First the bomb attack @ Ansbach, Bavaria, Germany and a report - in an IS magazine - that the suspect:
...had fought with al-Qaeda affiliate Jabhat al-Nusra. It appears that Daleel later pledged allegiance to Islamic State of Iraq and the Levant (Isil) after the 2013 split from Nusra....he left Syria to seek treatment after he was wounded in a mortar attack. He travelled on to Germany posing as a refugee.
(From another source) He was to be deported to Bulgaria under the EU’s Dublin rules, but the move was delayed by his claims of ill health.
Link:http://www.telegraph.co.uk/news/2016...-questions-ov/

Leaving aside whether any agency could have id'd his past in Syria, there is the scale of migration into Germany in 2015, over a million people.

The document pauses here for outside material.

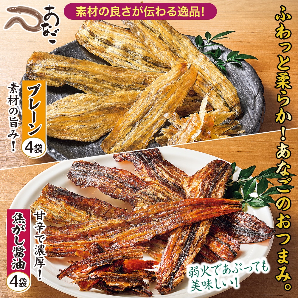 ●セット内容/<焦がし醤油>60g×4袋、<プレーン>60g×4袋 ●賞味期限/製造日から常温4ヵ月 ●加工地/日本 ●原材料/<焦がし醤油>(ベトナム産)、砂糖、食塩、味醂、醤油(大豆・小麦を含む)/ソルビトール、甘味料(キシロース)、調味料(アミノ酸等)、着色料(紅麹、カラメル)<プレーン>穴子(ベトナム産)、砂糖、食塩/ソルビトール、調味料(アミノ酸) ●特定原材料等 /<焦がし醤油>小麦・大豆、<プレーン>なし

Second yesterday's murderer in a church in Normandy, France:
The 19-year-old was under police supervision and wore a tag following his release in March after 10 months of preventative custody for trying to go to Syria....Ordered to live at his parents’ home, he was allowed out between 8.30am and 12.30pm on weekdays, and from 2pm to 6pm on weekends. He was, therefore, within his rights to be out at the time of the attack...
Link:http://www.telegraph.co.uk/news/2016...adel-kermiche/

Taking a wider view a French-Algerian commentator:
The vast majority of the terrorists who have now slaughtered some 250 people in separate incidents across France over the past 18 months were just as well known to the authorities as Kermiche. Many were meant to be in prison, or – again like Kermiche – at least reporting to their local police stations under strict bail terms. Instead they were given more than enough freedom to move across borders and acquire the arms necessary to carry out their carnage pretty much anywhere they chose.
Link:http://www.telegraph.co.uk/news/2016...-stop-jacques/

Kermiche clearly was a "hard case" to change, but France has almost no such state capability (like Germany).